# Antarctic Alps! And Rivers under the ice?



## Saeltari (Feb 25, 2009)

This is very interesting. It shows that the ice there formed fairly quickly. They stated that the Alps are about 50 to 60 million years old but these may be quite a bit older. The article also said they could see liquid below their camps, about 2 miles down in valleys.

Makes a person wonder what discoveries and mysteries are there! 

-> Alp-sized peaks found entombed in Antarctic ice


----------



## chrispenycate (Feb 25, 2009)

Deep frozen mountain? I suppose the jagged bits will stop the sheet sliding off in one big lump.

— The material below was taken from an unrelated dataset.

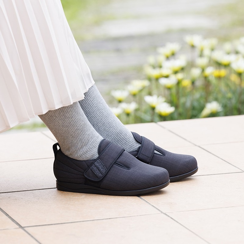 後甲部は流れるようなステッチを表生地に入れ、女性心をくすぐるデザインへ。

I get this incongruous picture of those heliski maniacs who're always searching for new slopes to slide down digging holes to get to the peaks…


----------



## Allegra (Feb 25, 2009)

Fascinating! Lovecraft would love to hear this. There are maps on the BBC report:

BBC NEWS | Science & Environment | 'Ghost peaks' mapped under ice


----------



## Nik (Feb 25, 2009)

Scary...

When you consider there's entire ranges trapped under miles of  ice, some places in Antarctica where only the peaks show, those ruddy dry-valleys, ancient 'buried' lakes kept thawed by geothermal heat, ring-of-fire volcanos including the active Erebus...

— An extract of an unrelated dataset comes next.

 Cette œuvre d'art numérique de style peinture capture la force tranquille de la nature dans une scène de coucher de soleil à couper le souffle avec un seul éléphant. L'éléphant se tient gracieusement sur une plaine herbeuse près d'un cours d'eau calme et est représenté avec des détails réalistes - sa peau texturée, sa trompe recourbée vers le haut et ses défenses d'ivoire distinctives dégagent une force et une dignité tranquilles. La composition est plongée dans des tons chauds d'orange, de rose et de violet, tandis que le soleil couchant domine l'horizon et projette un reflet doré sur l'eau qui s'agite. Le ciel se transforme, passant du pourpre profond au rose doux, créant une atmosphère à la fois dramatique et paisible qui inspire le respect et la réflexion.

Um, I'm reminded that 'Alien Earth' hunts now include 'super ice-Earths', 50~~150% bigger, but in Mars-like orbits where life may thrive at Equatorial 'oases', hot springs and/or in the under-ice oceans...


----------



## Cayal (Feb 25, 2009)

Saeltari said:


> Makes a person wonder what discoveries and mysteries are there!
> http://news.yahoo.com/s/nm/20090224/od_uk_nm/oukoe_uk_antarctica_mountains



Megatron.


----------



## Saeltari (Feb 25, 2009)

Cayal said:


> Megatron.


 


According to _Antarktos Rising_, its the nephilim .


----------



## Ursa major (Feb 26, 2009)

I heard someone on the Radio 4 ten o'clock news say that these mountains were very odd: there were no nearby plate boundaries and he said the rocks were (or had been) thought to be Precambrian, meaning that any mountains there would have been smoothed by the ages, not Alpine.

(I can only assume that they got their geology wrong.)


----------



## ktabic (Feb 26, 2009)

From what I dimly remember from my course, there was a plate boundary running through Antarctica. The two plates merged about 65MA ago. 

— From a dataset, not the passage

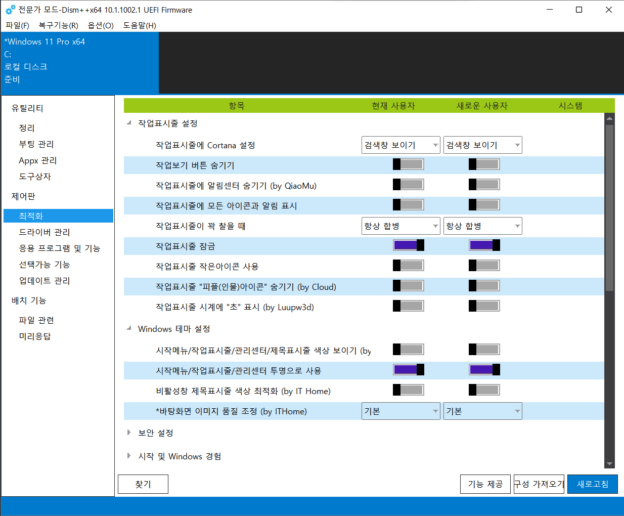 작업 표시줄의 경우 윈도우11은 안되는거같습니다.

The Antarctica mountains were not formed by the usual method of banging two tectonic plates together and waiting, but by taking a 2 mile high plateau, about the size of France and eroding it away. There are other mountain ranges (Red Sea foothills are that type, iirc) formed this way, but nothing quite on the same scale as Antarctica.

There are entire rivers and lakes under the ice, which have been separated from the rest of the biosphere for about 15MA. IIRC, the Russians where planning on sending something down to see if there was still life (almost certainly) and how it had evolved (15MA provides plenty of time for stuff to evolve)


----------



## Nik (Feb 28, 2009)

" taking a 2 mile high plateau, about the size of France and eroding it away..."

Thanks !
That got a 'Wow !' here: Needed *seriously* deep time...


----------



## AE35Unit (Mar 1, 2009)

Fabulous,if only we could take a look down there! I wonder what fossil remains of creatures past we'd find!


----------